These businesses could both benefit as rates fall, especially if the economy has a soft landing.

The Federal Reserve recently cut interest rates by 50 basis points, the first cut in the benchmark federal funds rate since early 2020. This not only had the obvious effects of making it cheaper for businesses to borrow money, but also increased the probability of an economy. soft landing (avoiding a recession).

In addition, this will be the first in a prolonged series of interest rate cuts over the next two years. In fact, members of the Federal Reserve recently projected an additional 150 basis points (1.5 percentage points) of tapering by the end of 2025.

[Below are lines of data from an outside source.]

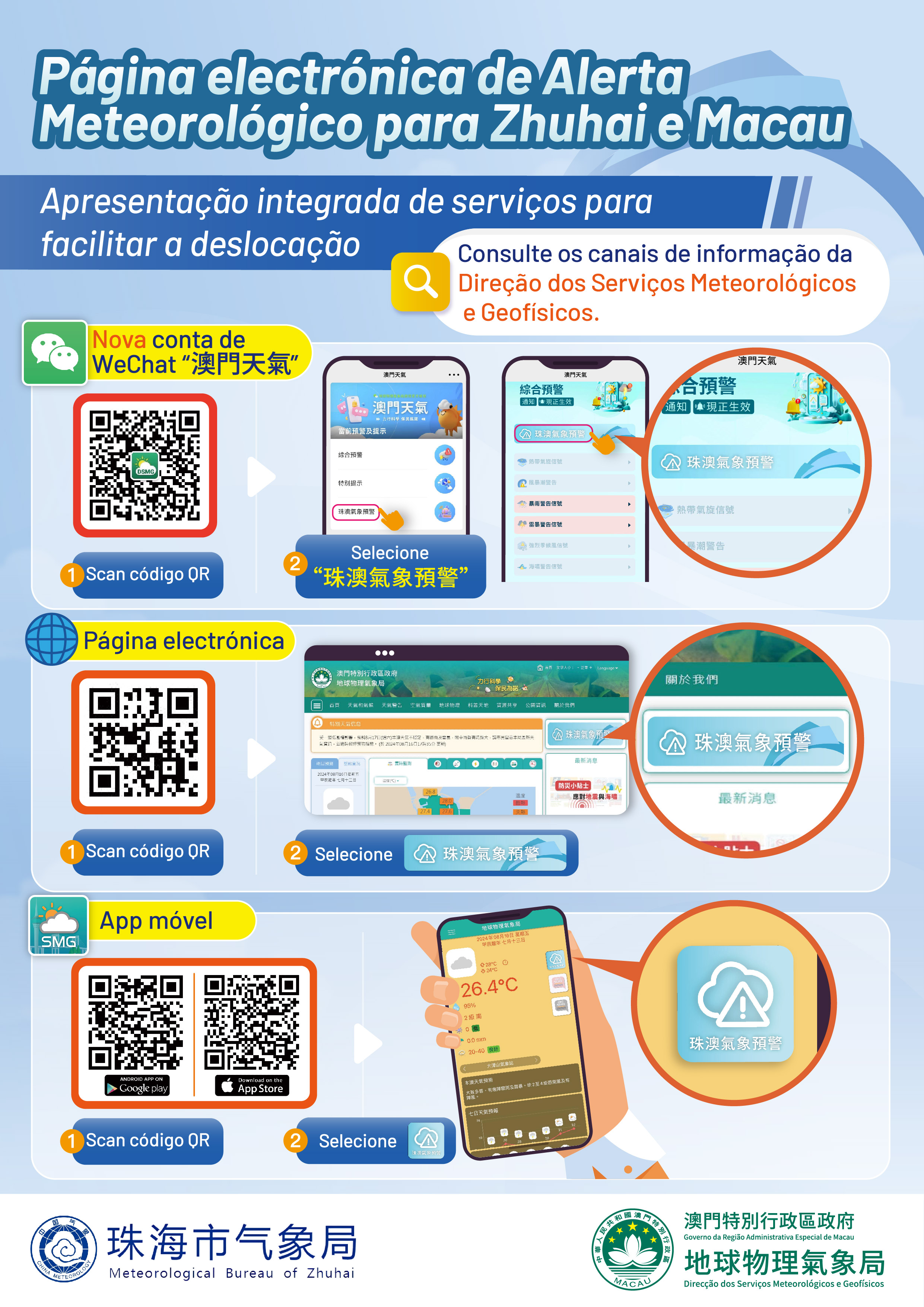 A página electrónica temática “Alerta Meteorológico Zhuhai-Macau” permite a partilha em tempo real de informações meteorológicas entre Zhuhai e Macau, cobrindo plenamente as informações de aviso de mau tempo, tais como chuvas intensas, tempestades tropicais, etc., para facilitar aos cidadãos e turistas a obtenção de informações meteorológicas em primeira mão. A partir de hoje (19 de Maio), a população pode aceder à página temática “Alerta Meteorológico para Zhuhai e Macau”, através da página electrónica da DSMG (www.smg.gov.mo), da aplicação para telemóvel e da nova conta oficial de Wechat “澳門天氣” para obter as informações correspondentes.
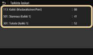 Voit tarkistaa laitteella tulostettujen sivujen kokonaismäärän. Näihin kokonaismääriin sisältyvät faksit, raportit ja luettelot sekä kopiot ja tietokoneesta tulostetut tiedot.
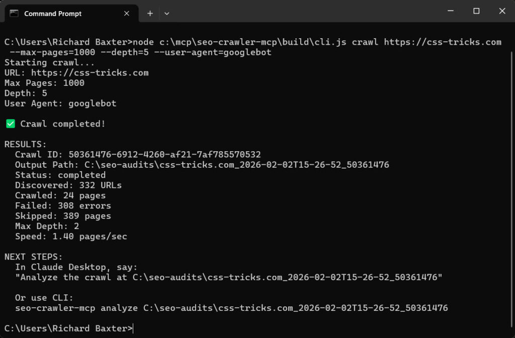 node c:\mcp\seo-crawler-mcp\build\cli.js crawl https://example.com --max-pages=2000 --depth=5 --user-agent=googlebot
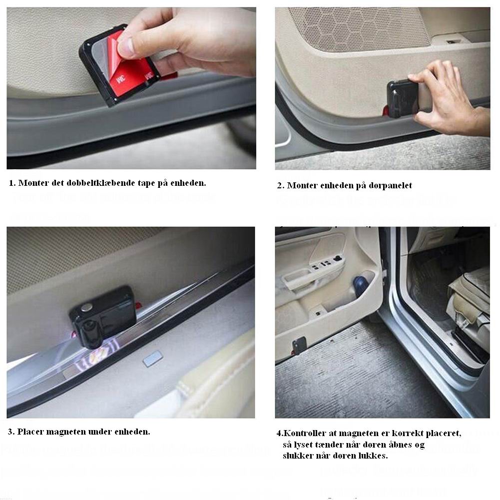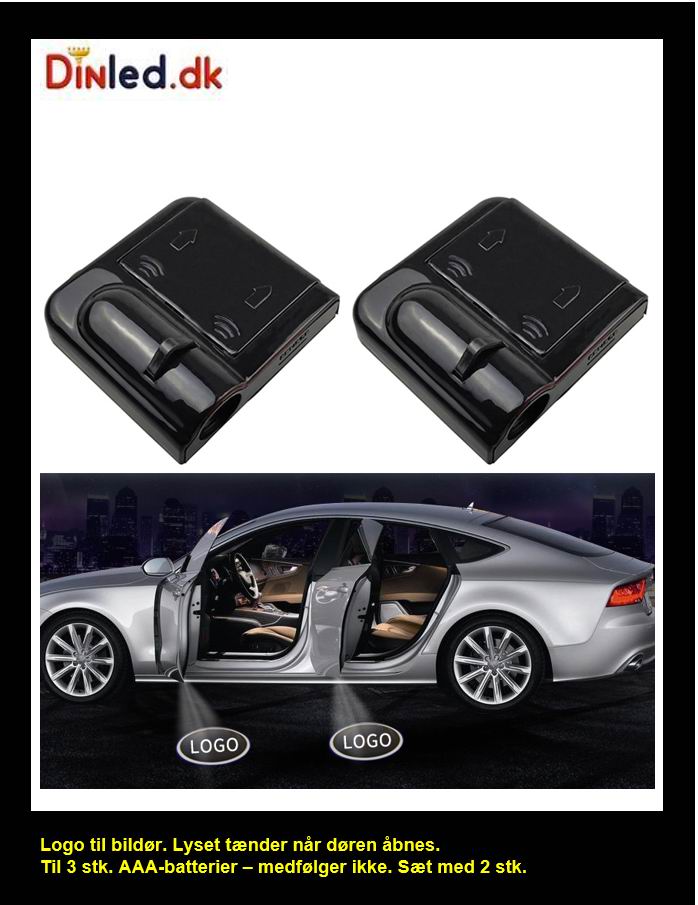 Logo til bildør. Tænder når døren åbnes og lyser bilens logo ned på jorden.
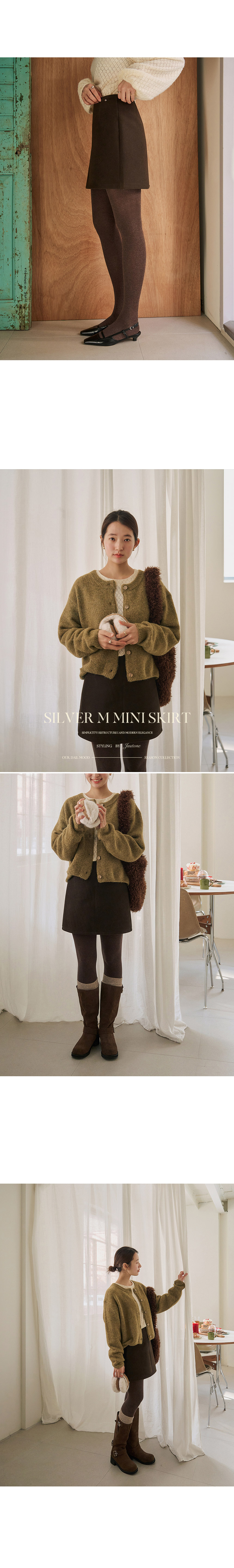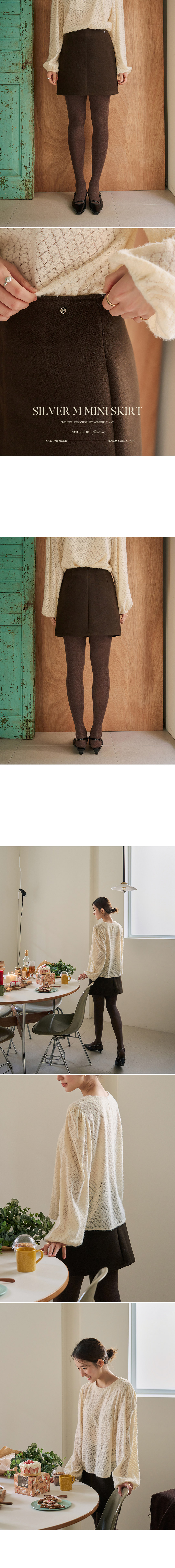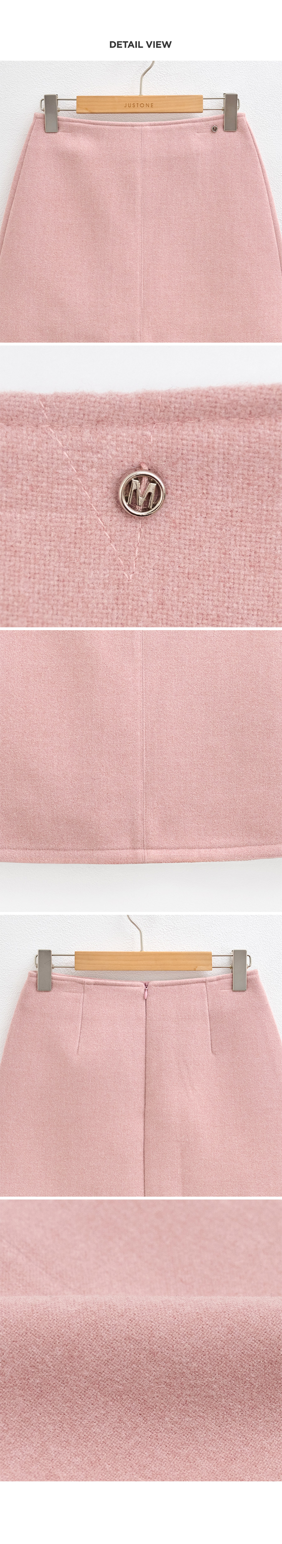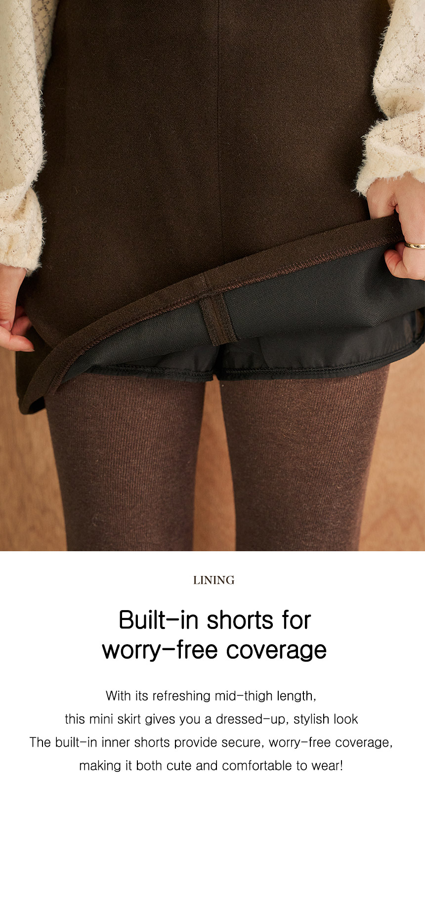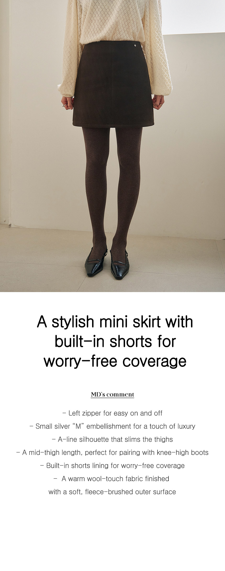 A stylish mid-thigh mini skirt featuring brushed inner shorts for comfortable, worry-free wear. Silver M embellishments add a touch of luxury, while the thick wool-touch fabric keeps you cozy and warm throughout the winter.

Some companies could be big winners from the Fed’s rate cuts, especially if a recession can be avoided and the economy kept strong. Here are two stocks in particular that look interesting from a long-term perspective at their current prices.

A soft landing could have a big impact on travel demand

at a glance Airbnbhis (ABNB 1.90%) recent results seem strong. In the second quarter, the travel disruptor beat expectations on both the top and bottom lines. The deal generated $1 billion in free cash flow, strong booking volume growth and more. However, the company’s guidance spooked investors and the stock fell sharply.

Specifically, Airbnb reported that at the start of Q3, the business saw a “sequential moderation” in booking volume; in other words, there is a slowdown. And the company specifically announced “signs of slowing demand from US guests.”

However, it is important to note that the company said all this before the latest inflation and economic data before the Fed cuts interest rates and before the latest economic forecasts are released. A soft economic landing could certainly lead to better-than-expected travel demand, and lower interest rates could boost consumer confidence.

Of course, the bearish environment is negative for Airbnb in some ways. For example, the company has more than $11 billion in cash on hand, in addition to the more than $10 billion it holds on behalf of hosts, and falling rates mean less interest income. But a falling rate environment should generally be a positive catalyst, and Airbnb could be worth a look while it’s 25% below recent highs.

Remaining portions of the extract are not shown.